Previously, a extending load was represented at (G_*EXT (G_LOAD x)).
This had a few drawbacks:
- G_LOAD had to be legal for all sizes you could extend from, even if registers didn't naturally hold those sizes.
- All sizes you could extend from had to be allocatable just in case the extend went missing (e.g. by optimization).
- At minimum, G_*EXT and G_TRUNC had to be legal for these sizes. As we improve optimization of extends and truncates, this legality requirement would spread without considerable care w.r.t when certain combines were permitted.
- The SelectionDAG importer required some ugly and fragile pattern rewriting to translate patterns into this style.
This patch changes the representation to:
- (G_[SZ]EXTLOAD x)
- (G_LOAD x) any-extends when MMO.getSize() * 8 < ResultTy.getSizeInBits()

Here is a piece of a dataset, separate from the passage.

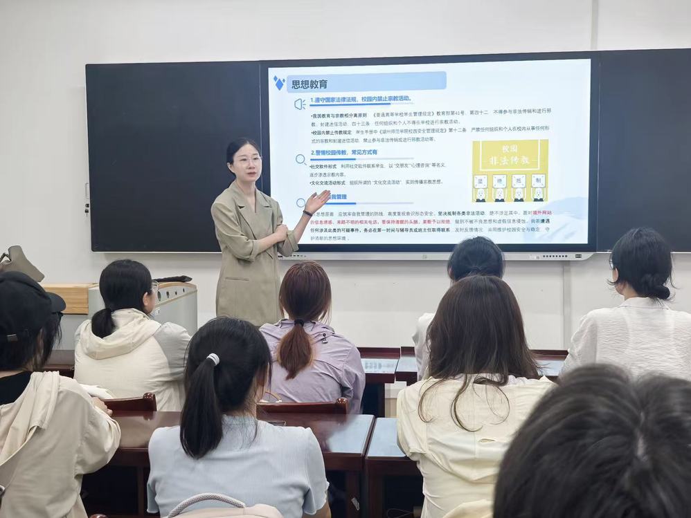 学院党委副书记沈卫以“四个引路人”为纲,从角色定位、职责内涵、工作方法、应急处置四方面展开专题辅导。她提出班主任工作“五要五忌”准则,并结合校园真实案例,强调突发事件处置需做到“三到位”:警示宣传到位、应急响应到位、公平处理到位,切实筑牢校园安全防线。
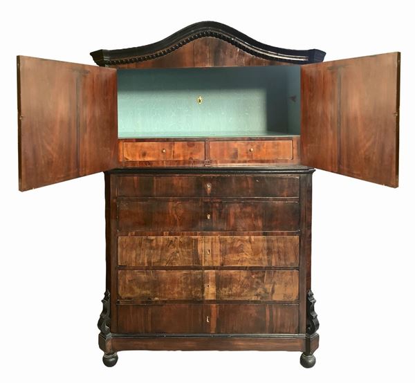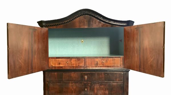 piedi a cipolla e sculture applicate agli angoli. Corpo superiore con due sportelli e cimasa modulata con cornice ebanizzata nera, sottolineata da appallottolato. Interno con vano centrale provvisto di due cassetti alla base. Provenienza Sicilia, ottime condizioni.

which resolves these issues by allowing targets to work entirely in their
native register sizes, and by having a more direct translation from
SelectionDAG patterns.
Each extending load can be lowered by the legalizer into separate extends
and loads, however a target that supports s1 will need the any-extending
load to extend to at least s8 since LLVM does not represent memory accesses
smaller than 8 bit. The legalizer can widenScalar G_LOAD into an
any-extending load but sign/zero-extending loads need help from something
else like a combiner pass. A follow-up patch that adds combiner helpers for
for this will follow.
The new representation requires that the MMO correctly reflect the memory
access so this has been corrected in a couple tests. I've also moved the
extending loads to their own tests since they are (mostly) separate opcodes
now. Additionally, the re-write appears to have invalidated two tests from
select-with-no-legality-check.mir since the matcher table no longer contains
loads that result in s1's and they aren't legal in AArch64 anymore.